Historic Monument of Poland
- Designated: 1994-09-08
- Part of: Wrocław – historic city center
- Reference no.: M.P. 1994 nr 50 poz. 425

= Sts. Cyril and Methodius Church (Wrocław) =

Church building in Wrocław, Poland

The Church of Sts. Cyril and Methodius (until 1945 St. Anne's Church) is an orthodox church in Wrocław, Poland. It is located on the Sand Island.

==History==
The original church of St. Anne was built between 1686 and 1690 for the Augustinian nuns in baroque style. In the Middle Ages, a chapel dedicated to St. Joseph stood on the site. This was destroyed at the beginning of the 17th century.

After the secularization in 1810, the church was transferred to the Catholic seminary. Between 1919 and 1921 the church served the Polish minority of the town as a Catholic church. Later, the Church of St. Anne went to the Old Catholic Church.
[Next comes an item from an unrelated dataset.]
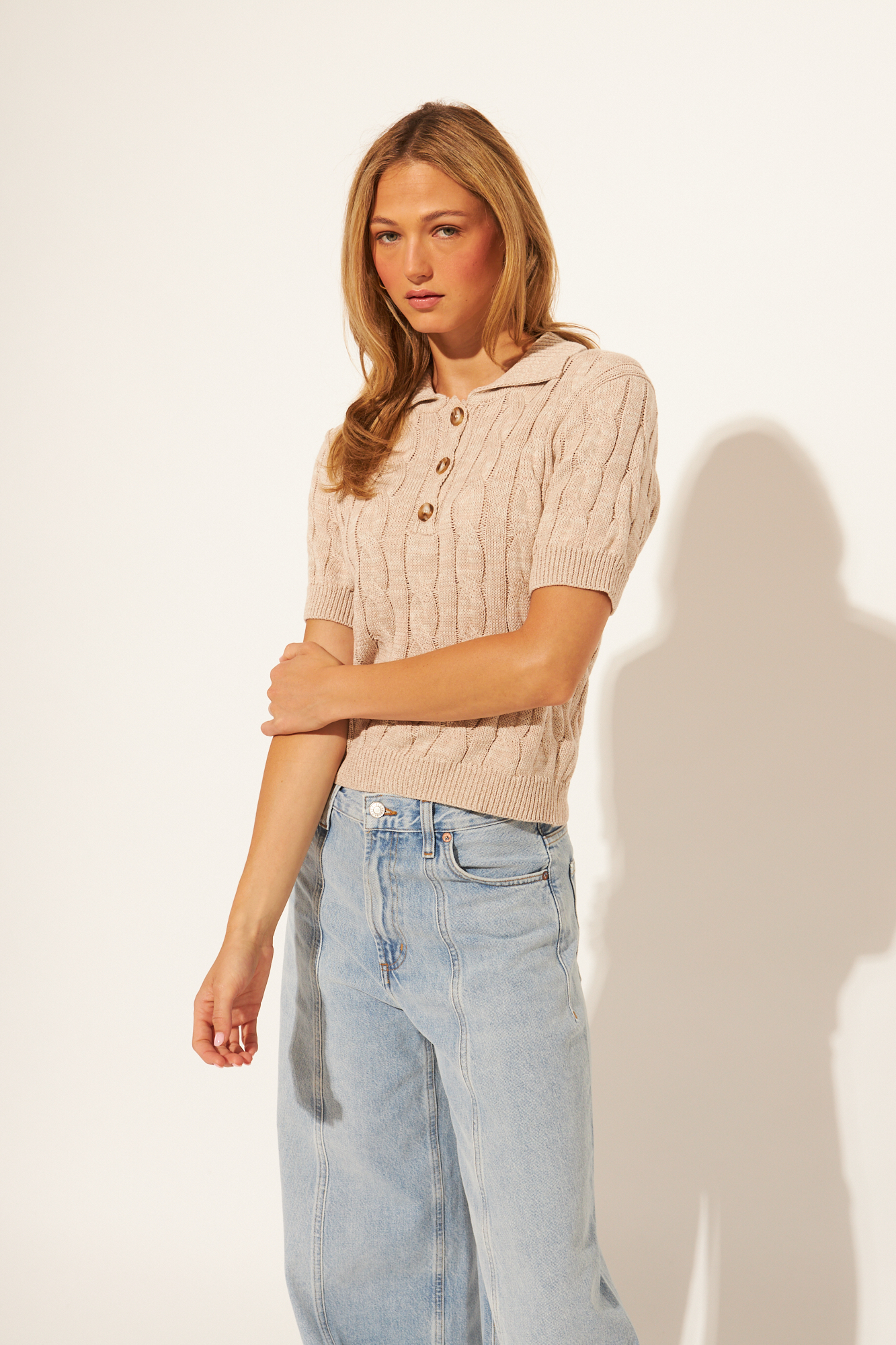 Cable knit short sleeve polo sweater.

During the Second World War, the church was used to store almost half a million books from the library of the University of Breslau. During the Siege of Breslau, the church was badly destroyed and burned out completely, along with the books. After the war, minor security measures were initially implemented.

In 1970, the building went to the city's Orthodox community. It was rebuilt and could be used again in 1976 as the first orthodox church of the city.